Touch football's pride in women's sevens Olympic gold

Touch football is not part of the Olympics. But it's role in one of Australia's most glowing achievements at the Rio Games should not be under-estimated.

As Australian Rugby Union officials were celebrating their women's sevens success, so too were their Touch Football Australia counterparts; understandable considering the core of the victorious team came from their ranks.

In the 12-member Australian gold medal-winning contingent were seven notable touch footballers, many of whom converted to rugby as the Olympics was such a compelling drawcard.

Four -- Charlotte Caslick, Nicole Beck, Alicia Quirk and Emilee Cherry -- were Australian touch football representatives, with 51 Test appearances between them. Gemma Etheridge was a national mixed open representative, while Evania Pelite and Emma Tonegato were Australian Youth representatives.

What they learned and developed on the touch football field, including exceptional ball-handling and passing skills as well as knowing how to elude opponents, were vital elements in the Australian women's sevens triumph.

There was also an understanding of success, especially as the Australian women's touch football team boast one of the most impressive winning streaks in Australian sport- victors in all eight World Cup tournaments held since 1988. It's exactly the same with the Australian men's touch football team. Eight out of eight over their chief rival New Zealand.

The amateur world of Australian touch football, which has strong links with the National Rugby League competition, has power in numbers -- with more than 700,000, people, including 320,000 women, playing the game nationally. Touch Football Australia's target is one million participants in Australia by 2020.
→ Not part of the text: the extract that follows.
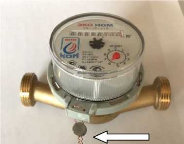 Пломбирование счетчиков холодной и горячей воды универсальных ЭКО НОМ СВ-15 осуществляется нанесением знака поверки давлением на свинцовую (пластмассовую) пломбу. Пломба навешивается на внешнюю боковую сторону счетчика посредством проволоки, проведенной сквозь пластмассовое кольцо, соединяющее измерительную камеру и счетный механизм. Место пломбировки счетчиков и горячей воды универсальных ЭКО НОМ СВ-15 представлено на рисунке 2.
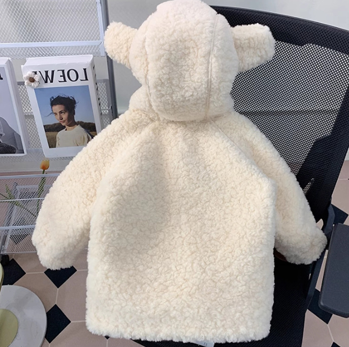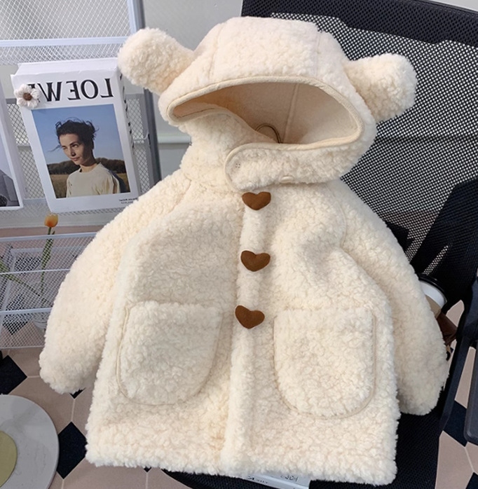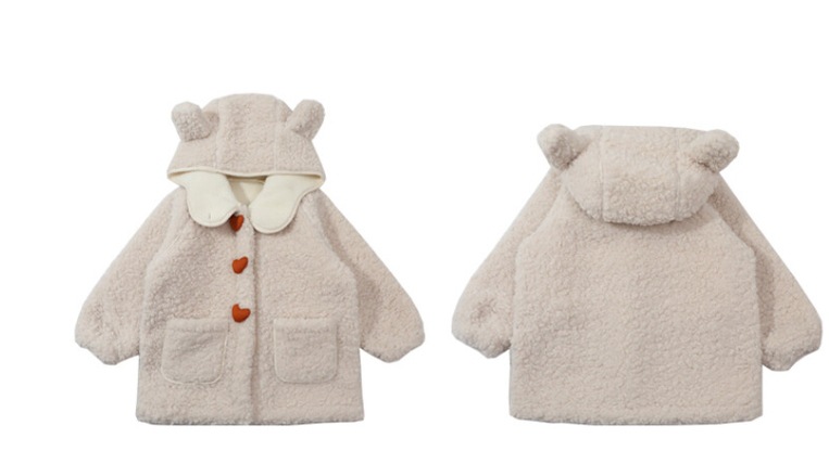 9M-6Y Toddler Girls Solid Color Lambswool Hooded Jackets & Coats Girls Clothing Suppliers

Their officials realise the masters of their game are bound to be attracted by those able to dangle Olympic medals and professional programs in front of them- - such as the ARU. However, they argue their aim is to continue developing quality male and female athletes -- including those who can become notable rugby league performers and rugby gold medallists.

Touch Football Australia chief executive officer Colm Maguire said the organisation was "very proud of the success" of their past stars in Rio, who were able to use their touch football skills "to represent Australia on a different stage and win gold medals".

Then there was the publicity boost for their sport.

"It has been amazing that there has been so many references since the sevens win to where they've learnt the game," Maguire told ESPN.

So good news week for both women's rugby and touch football. As the Olympics heads into its second week and Australia's achievements in Rio continue to inspire, the women's sevens triumph remains a standout.

Not since the Wallabies' appearance in the 2015 World Cup final has Australian rugby enjoyed such a flourishing moment, with the women's team captivating the nation during the event and then for days afterwards. Now they even boast their own postage stamp.

While the Australian women indicated back in 2009 when it won the first Sevens World Cup tournament in Dubai that it was a formidable force, the masterstroke was an ARU talent identification program aimed at making their first Olympic appearance a success. This brought to the team many from other sporting pursuits, including hockey, basketball, athletics, and in particular the touch football ranks -- not surprising considering its attacking and passing qualities are also at the heart of the sevens game.

What was then required was for a number of the newcomers to learn proper tackling techniques so they became the complete rugby sevens performer. It took time, but it all began to gel well before the team arrived in Brazil, as shown by their No. 1 world ranking going into the Olympics.

Maguire said an important skill the touch football contingent provided the Australia seven's team with was "the long passing game".

"I thought the difference between the teams was the ability of our girls to see space, throw that long pass to open space, and have players run into the hole," Maguire said.

"Our sport is different to a lot of others in being an evasion game. So our girls are always looking for space. They are always looking to score.

"They develop an attacking mindset. Their high fitness level is another key element, and helps them to handle the workload.

"There will be a lot of people now talking about playing sevens football, but those girls (in the Australian team) wouldn't play the way that they do if they hadn't had their skill development in our game."

Maguire also believes those who had been enticed elsewhere will probably not be lost to touch football.

"It is a sport you can play for life. So I've no doubt that those girls will someday return and again play touch football for Australia, potentially in an over-age category, or definitely at the park level.

"We have a very strong high performance program, but we're really focused on ensuring that more people participate. Touch football usually ends up being a lot of people's second sport. They play rugby league and touch, or netball and touch, or rugby union and touch. It's the way we've grown."

And with it, provide a different pathway to gold.